### What the exercise asks
What is needed is an exact copy of the lines in the entries below from the one holding "Алгоритм - это" through the one holding "夜幕降临,整个山静了下来,绕", pictures excluded.

### Provided material
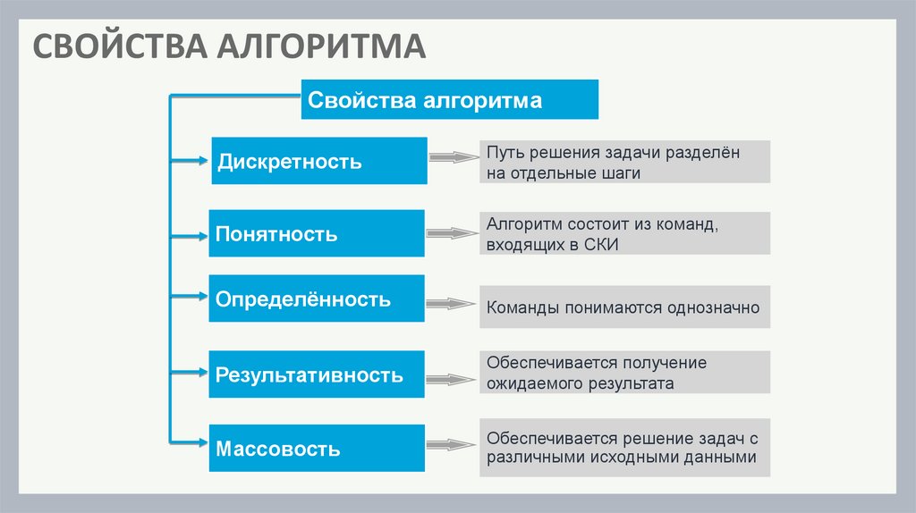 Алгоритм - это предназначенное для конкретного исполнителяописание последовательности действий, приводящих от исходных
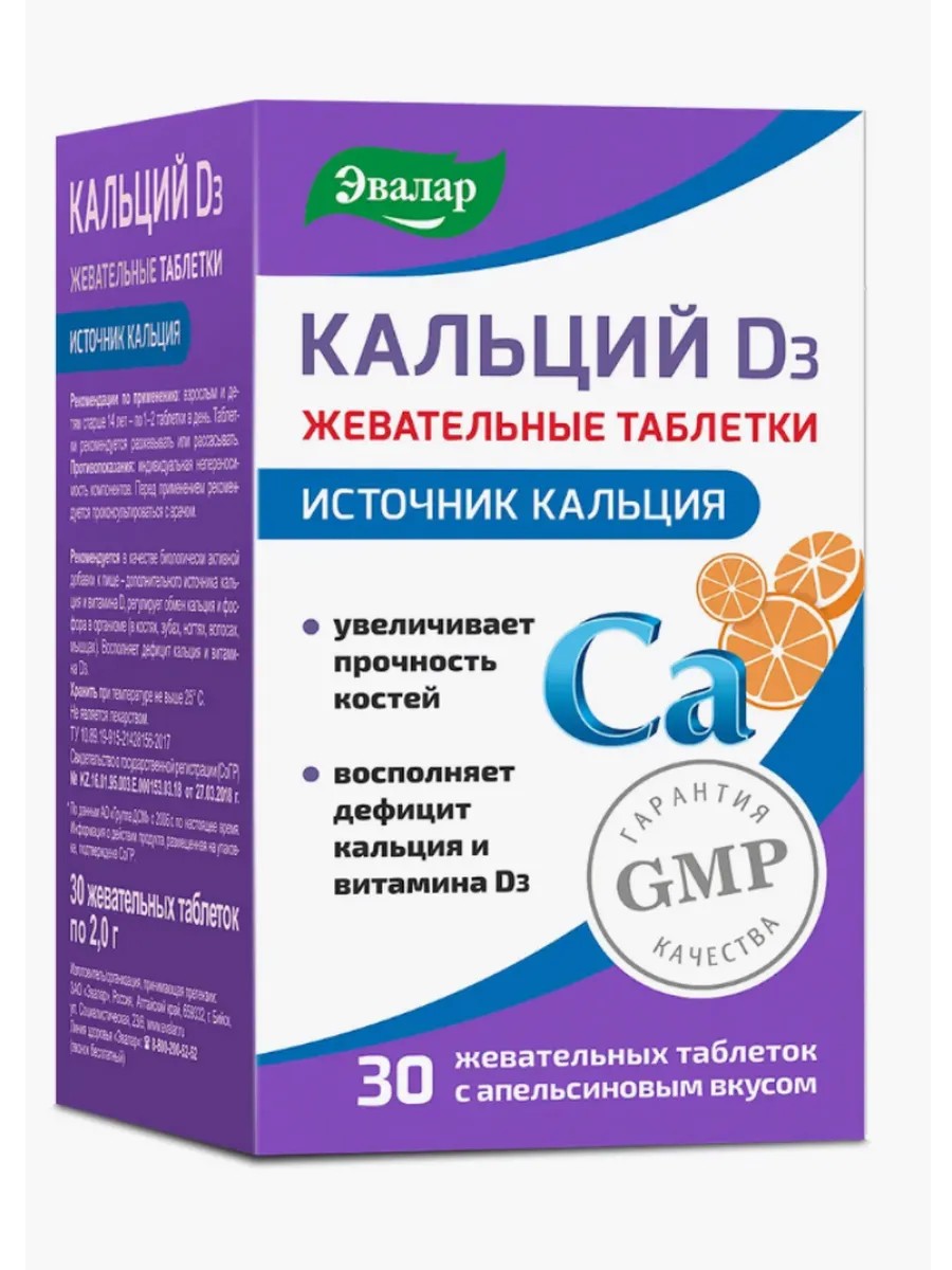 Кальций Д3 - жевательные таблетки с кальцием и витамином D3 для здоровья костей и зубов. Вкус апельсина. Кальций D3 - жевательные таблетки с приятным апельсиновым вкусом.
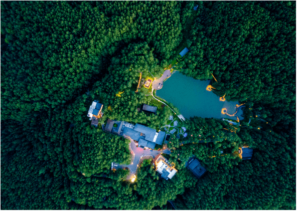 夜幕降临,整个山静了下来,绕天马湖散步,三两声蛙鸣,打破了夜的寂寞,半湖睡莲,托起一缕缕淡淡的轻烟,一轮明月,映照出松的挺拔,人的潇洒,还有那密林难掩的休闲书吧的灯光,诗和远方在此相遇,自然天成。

...

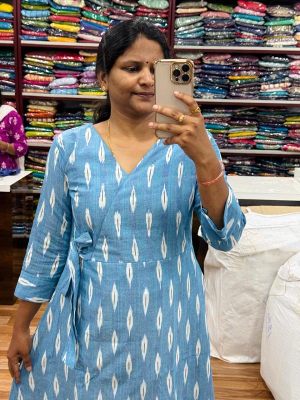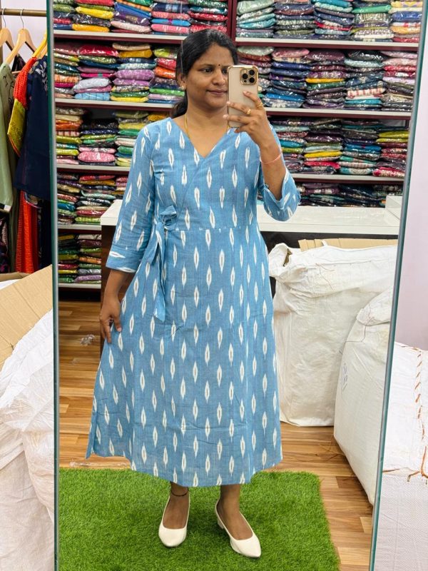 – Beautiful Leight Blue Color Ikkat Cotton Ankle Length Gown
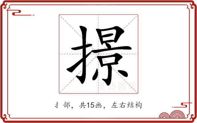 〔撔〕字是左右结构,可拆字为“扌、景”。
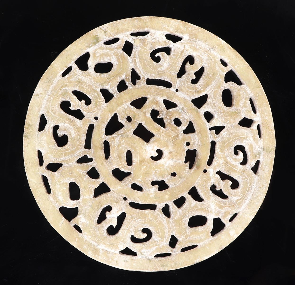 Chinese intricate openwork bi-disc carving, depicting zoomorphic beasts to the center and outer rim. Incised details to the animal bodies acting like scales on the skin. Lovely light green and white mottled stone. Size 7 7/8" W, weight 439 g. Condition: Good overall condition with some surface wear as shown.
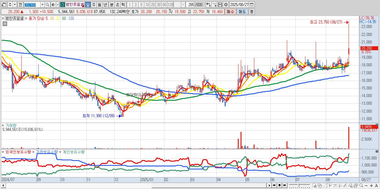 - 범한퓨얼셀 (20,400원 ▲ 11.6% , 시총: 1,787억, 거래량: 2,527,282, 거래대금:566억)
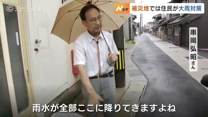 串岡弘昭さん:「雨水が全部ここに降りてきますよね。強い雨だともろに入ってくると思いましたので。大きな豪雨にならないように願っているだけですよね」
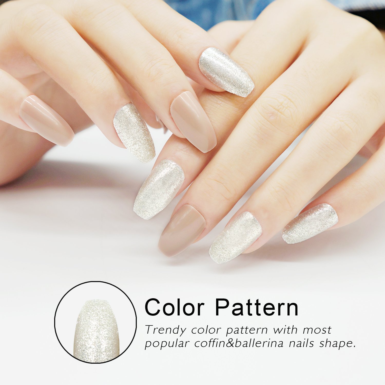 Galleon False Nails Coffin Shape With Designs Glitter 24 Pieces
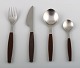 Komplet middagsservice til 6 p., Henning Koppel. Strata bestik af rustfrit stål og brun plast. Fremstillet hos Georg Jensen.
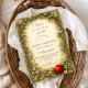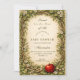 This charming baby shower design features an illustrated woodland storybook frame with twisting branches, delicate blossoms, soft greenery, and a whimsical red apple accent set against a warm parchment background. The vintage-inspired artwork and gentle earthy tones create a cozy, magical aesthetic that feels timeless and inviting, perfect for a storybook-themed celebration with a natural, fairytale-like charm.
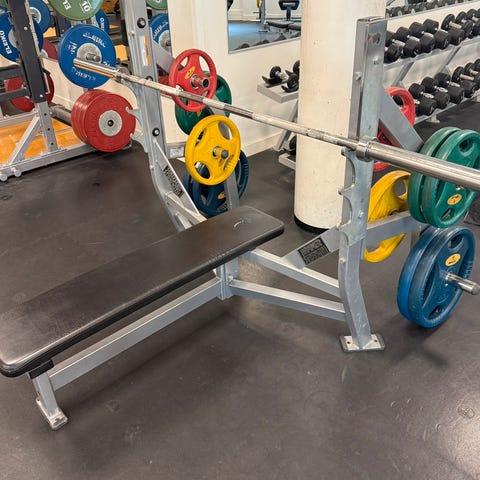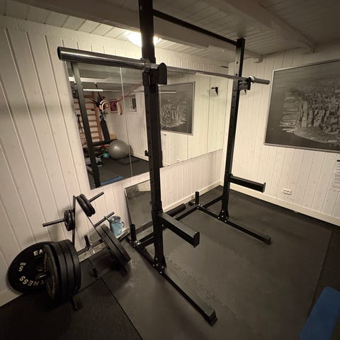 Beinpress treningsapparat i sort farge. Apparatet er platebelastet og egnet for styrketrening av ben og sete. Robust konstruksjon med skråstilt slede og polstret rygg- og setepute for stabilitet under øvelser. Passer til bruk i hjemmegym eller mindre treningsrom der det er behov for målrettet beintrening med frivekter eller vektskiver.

==

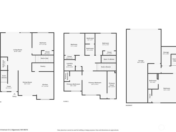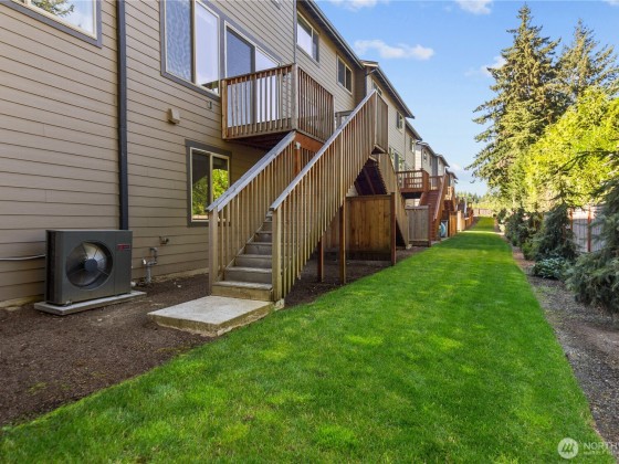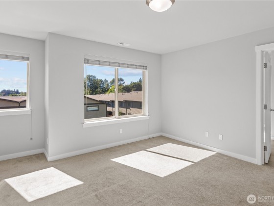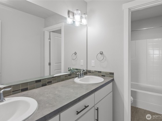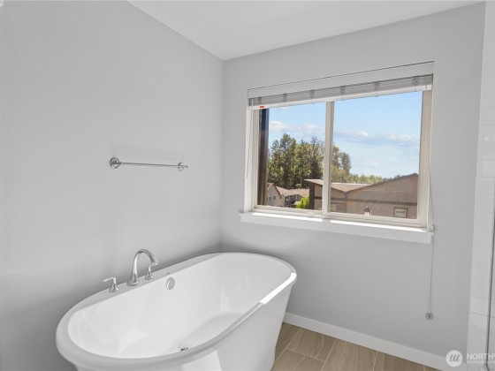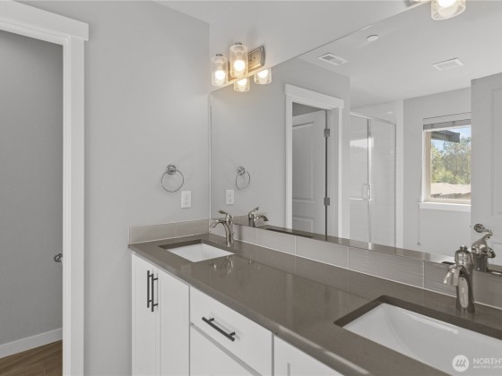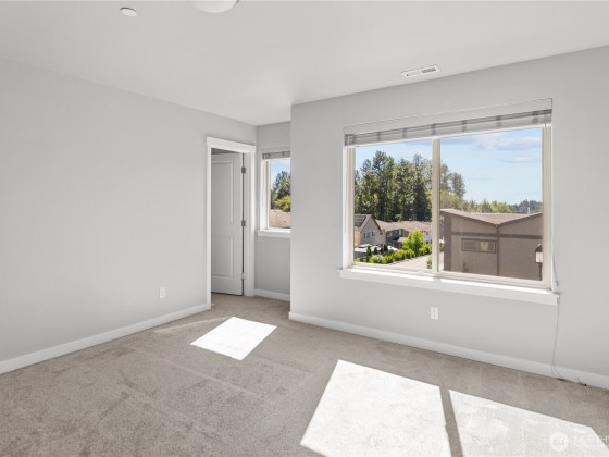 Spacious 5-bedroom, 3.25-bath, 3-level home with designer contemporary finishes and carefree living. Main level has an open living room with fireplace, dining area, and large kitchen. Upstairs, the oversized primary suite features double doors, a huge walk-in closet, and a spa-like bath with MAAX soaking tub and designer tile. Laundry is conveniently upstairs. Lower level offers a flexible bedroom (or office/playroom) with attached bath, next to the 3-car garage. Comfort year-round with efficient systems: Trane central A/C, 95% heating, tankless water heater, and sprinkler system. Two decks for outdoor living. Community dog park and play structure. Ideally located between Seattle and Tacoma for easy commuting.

### Answer for the task
 Алгоритм - это предназначенное для конкретного исполнителяописание последовательности действий, приводящих от исходных
 Кальций Д3 - жевательные таблетки с кальцием и витамином D3 для здоровья костей и зубов. Вкус апельсина. Кальций D3 - жевательные таблетки с приятным апельсиновым вкусом.
 夜幕降临,整个山静了下来,绕天马湖散步,三两声蛙鸣,打破了夜的寂寞,半湖睡莲,托起一缕缕淡淡的轻烟,一轮明月,映照出松的挺拔,人的潇洒,还有那密林难掩的休闲书吧的灯光,诗和远方在此相遇,自然天成。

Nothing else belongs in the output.